Leaving pictures aside, restate exactly the lines of the data below, from the first one through the line that contains "Попередження діє для".

• Available data:
————
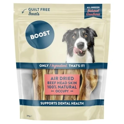 BOOST Pet Beef Head Skin Air Dried Grain Free Treats for Dogs, 100% Natural Dog Chews, Single Ingredient Real Skin, High in Protein, No Preservatives 200 Grams
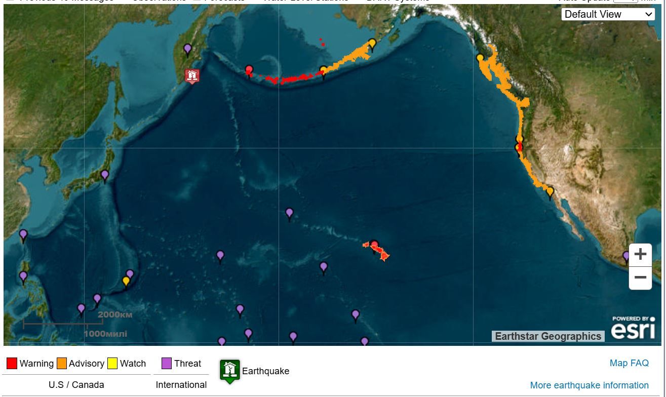 Попередження діє для Гавайських островів, острова Гуам, Американського Самоа, Аляски, Тихоокеанського узбережжя США та Японії. В останній попередження про цунамі змінили на загрозу цунамі.
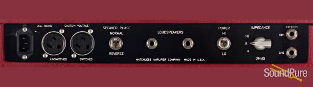 A long list of musician designed features includes: highly interactive tone controls and circuitries unique to each channel, bypassable master volume, individual channel effects loops, cut control for high frequency shaping, high and low (30 or 15 watt) power settings, selectable output impedance and phase inverter switches allow the use of additional speaker cabinets or amps in-phase with the DC-30.
————
• Answer section:
 BOOST Pet Beef Head Skin Air Dried Grain Free Treats for Dogs, 100% Natural Dog Chews, Single Ingredient Real Skin, High in Protein, No Preservatives 200 Grams
 Попередження діє для Гавайських островів, острова Гуам, Американського Самоа, Аляски, Тихоокеанського узбережжя США та Японії. В останній попередження про цунамі змінили на загрозу цунамі.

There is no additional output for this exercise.